General Manager Jerry Angelo has now made enough Savage-esque moves to lose his job. Bears coach Lovie Smith is a defensive specialist, and a dead man walking.
The great Bears defense of 2006-2007 is past its peak. They are old and their window is closing.
Jay Cutler is a more accomplished quarterback than Derek Anderson ever was, but he is not playing up to the price the Bears paid to get him. A league high 27 interceptions in 2009 has the natives restless.
Back in the Bears’ bar you can hear it: Moments after Cutler completes a nice pass over the middle to Chester Taylor for 17 yards and a first down, a patron bellows out “Stop throwing off your back foot!”
Cutler, like Anderson, is on thin ice with his home town crowd. He can’t win.
You can see the Bears season unraveling painfully and slowly, with Cutler disintegrating to the sound of boos as the Soldier Field crowd turns on him.
Picture a little boy running as fast as he can down a suburban sidewalk. He is smiling and happy, until he trips and slams face-first down into the pavement. That is the best metaphor for what Browns fans experienced in 2008. Bears fans can see it coming and are getting antsy.
It’s not that they don’t have talent at all, they have a chance. But they are still thin in key areas, especially along the offensive line and in the defensive secondary. They are not a bad team, but are still looking up at the Packers and Vikings in their own division, much the way the Browns look up at the Ravens and Steelers.
In their dress rehearsal preseason game against the Cardinals, they scored 9 points total, all in the fourth quarter.
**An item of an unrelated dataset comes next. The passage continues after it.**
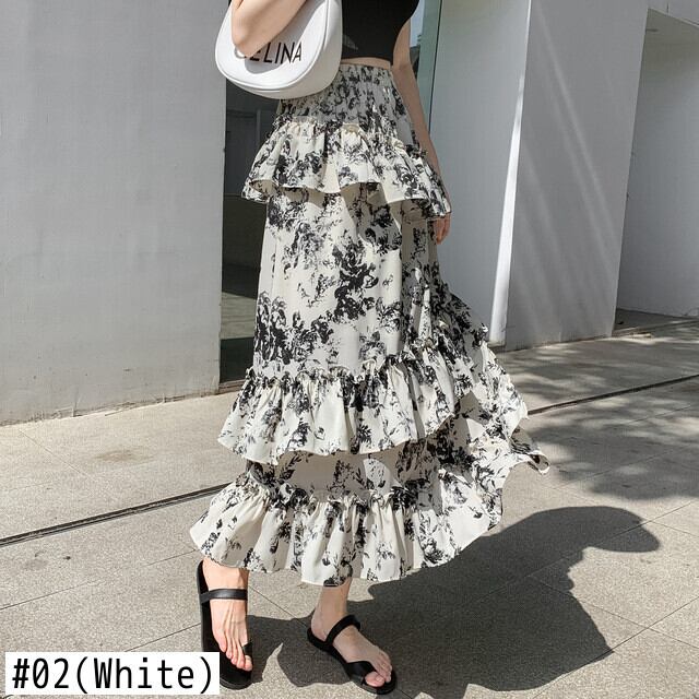 Pinkoz デザイナー黒花柄ハイウエストフリルマキシロングスカート分割カスケードレイヤードスカートカジュアルストリート traf ハイウェスト ピンク レッド ブラック ラッフル

They missed two field goals, Cutler threw two more interceptions, the defense handed former Browns disappointer Derek Anderson the starting QB job for Arizona – with a bow on it.
Everyone in the bar knows it. The Bears are slipping farther and farther away from the Super Bowl they appeared in five years ago, and their front office is grabbing for straws more franticly. Their fans are desperate, knowing they are just one last step before the edge of the cliff leading to a rebuild.
So the answer is, no. There are too many question marks for the Bears. Too many things have to go right for them to pull off a successful season. There is too much tension surrounding the team for them to survive intact.